** Opening PROVIDED DATA block **

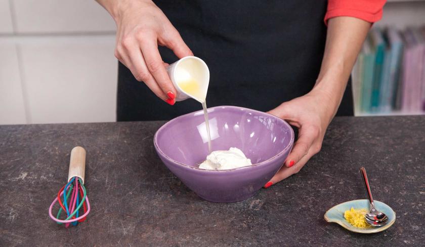 Verrühre Schmand mit Zitronenschale, Zitronensaft sowie Zucker.
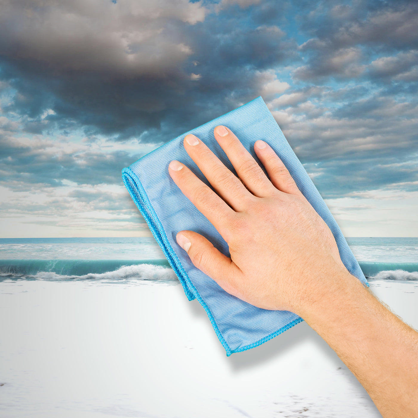 - Reinige eventuelle Verschmutzungen oder Kleberreste sofort mit einem feuchten Schwamm oder Tuch.
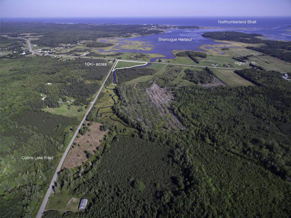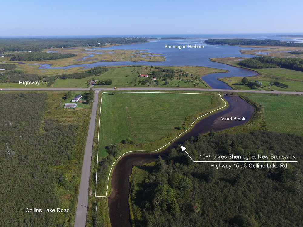 - Highway frontage along Highway 15 (Acadian Coastal Drive). - Road frontage along Collins Lake Road. - Power and telephone. - Frontage along Avard Brook. - Building site, farming, forestry use permitted. - Open lands and forested areas. - Coastal views of Shemogue Harbour and near sand beaches, fishing wharfs and local seafood restaurants. - Close to Collins Lake and Niles Lake. - Electricity and telephone in place. - Just over a kilometer from Highway 15 (Acadian Coastal Drive). - Close to communities and services - Cap Pele, Port Elgin, Shediac. - About 40 minutes from the City of Moncton and Moncton International Airport.
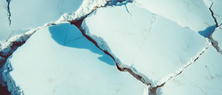 Cracked earth, showcasing a desiccation issue. Contrast of shadows and textures dry soil.
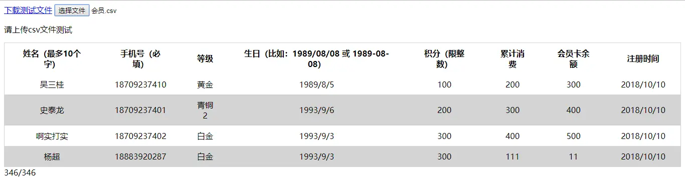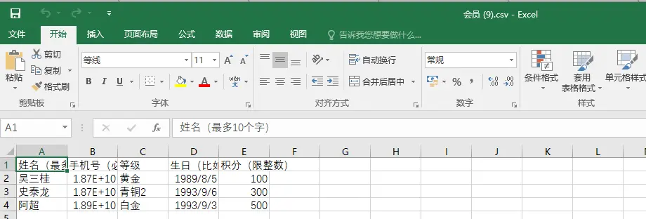 ['姓名(最多10个字)', '手机号(必填)', '等级', '生日(比如:1989/08/08 或 1989-08-08)', '积分(限整数)']

** Closing PROVIDED DATA block **

ACTION ITEM:
Produce an exact copy of only those lines that run from the line with "- Reinige eventuelle" to the final line of the records, including both; exclude images.

TASK RESULT:
 - Reinige eventuelle Verschmutzungen oder Kleberreste sofort mit einem feuchten Schwamm oder Tuch.
 - Highway frontage along Highway 15 (Acadian Coastal Drive). - Road frontage along Collins Lake Road. - Power and telephone. - Frontage along Avard Brook. - Building site, farming, forestry use permitted. - Open lands and forested areas. - Coastal views of Shemogue Harbour and near sand beaches, fishing wharfs and local seafood restaurants. - Close to Collins Lake and Niles Lake. - Electricity and telephone in place. - Just over a kilometer from Highway 15 (Acadian Coastal Drive). - Close to communities and services - Cap Pele, Port Elgin, Shediac. - About 40 minutes from the City of Moncton and Moncton International Airport.
 Cracked earth, showcasing a desiccation issue. Contrast of shadows and textures dry soil.
 ['姓名(最多10个字)', '手机号(必填)', '等级', '生日(比如:1989/08/08 或 1989-08-08)', '积分(限整数)']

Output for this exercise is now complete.